→ Data shown
* * *

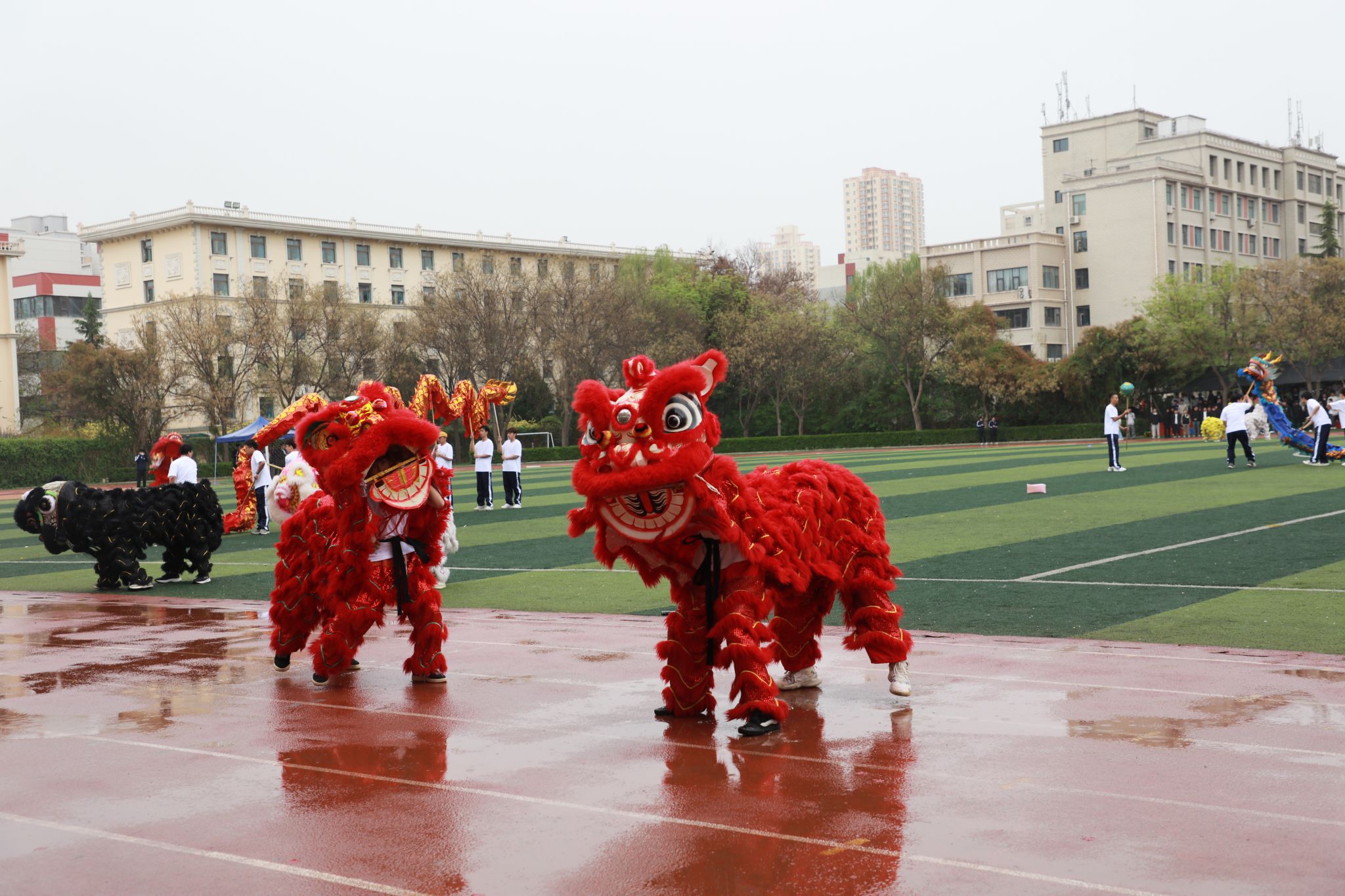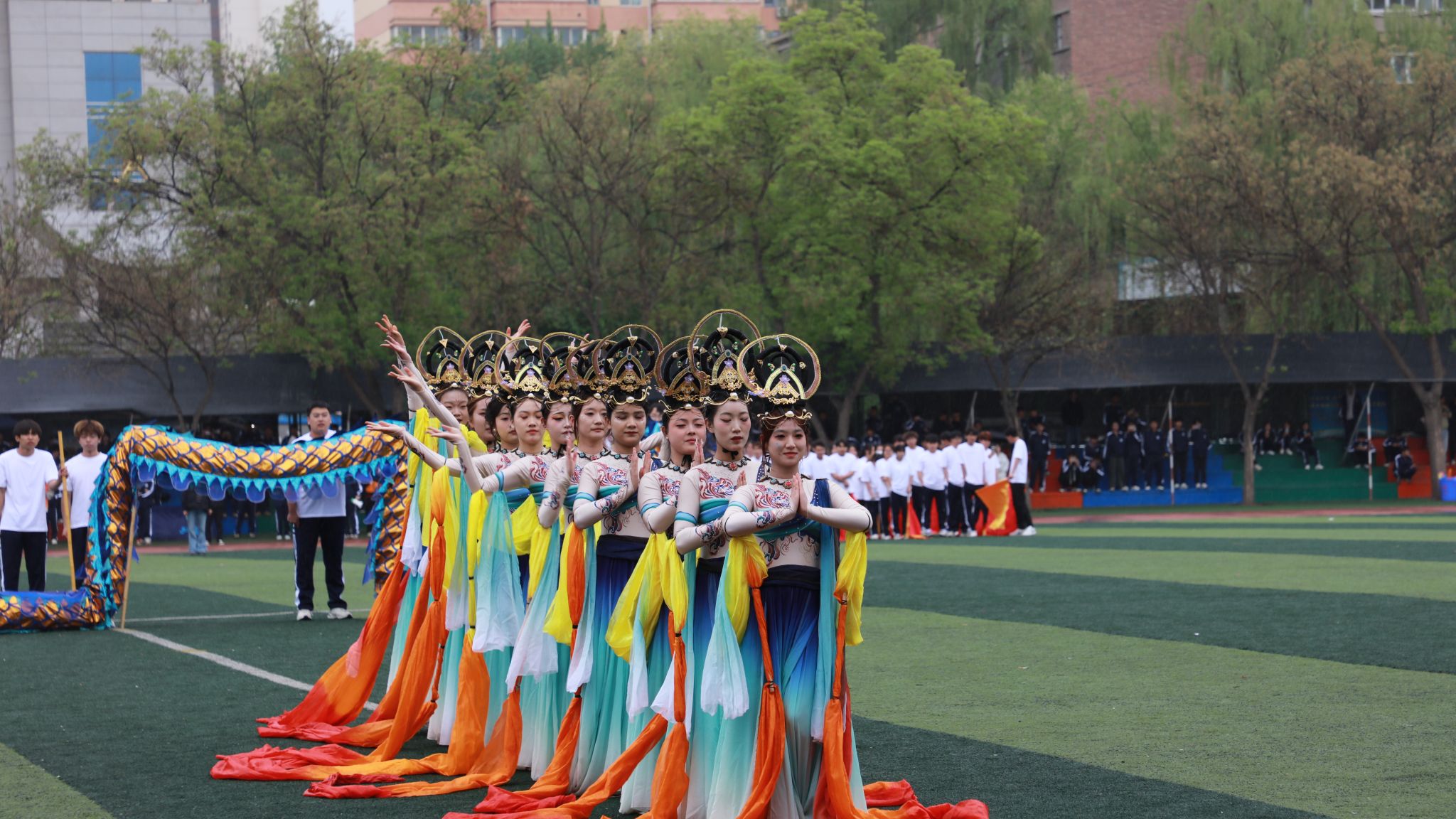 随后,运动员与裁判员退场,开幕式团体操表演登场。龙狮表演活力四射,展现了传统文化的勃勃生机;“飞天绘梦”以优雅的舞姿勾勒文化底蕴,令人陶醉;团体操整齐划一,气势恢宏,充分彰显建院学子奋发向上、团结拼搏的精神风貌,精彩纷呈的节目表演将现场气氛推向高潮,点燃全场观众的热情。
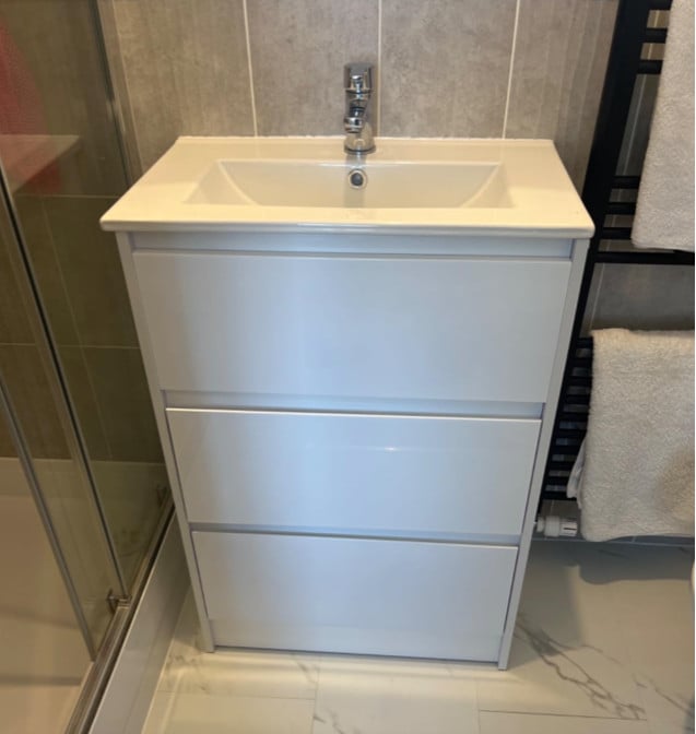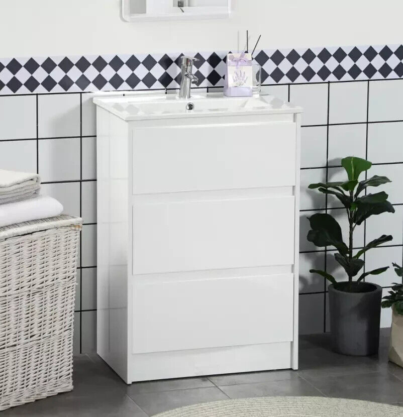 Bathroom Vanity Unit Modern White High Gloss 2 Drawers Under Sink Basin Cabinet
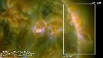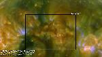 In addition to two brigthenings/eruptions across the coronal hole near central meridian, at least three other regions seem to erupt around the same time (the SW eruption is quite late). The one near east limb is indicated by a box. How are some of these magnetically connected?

* * *

→ Assignment
Each line from the one containing "Bathroom Vanity Unit" to the final line of the data must be printed exactly, both included, with nothing else and no pictures.

→ Written response
 Bathroom Vanity Unit Modern White High Gloss 2 Drawers Under Sink Basin Cabinet
 In addition to two brigthenings/eruptions across the coronal hole near central meridian, at least three other regions seem to erupt around the same time (the SW eruption is quite late). The one near east limb is indicated by a box. How are some of these magnetically connected?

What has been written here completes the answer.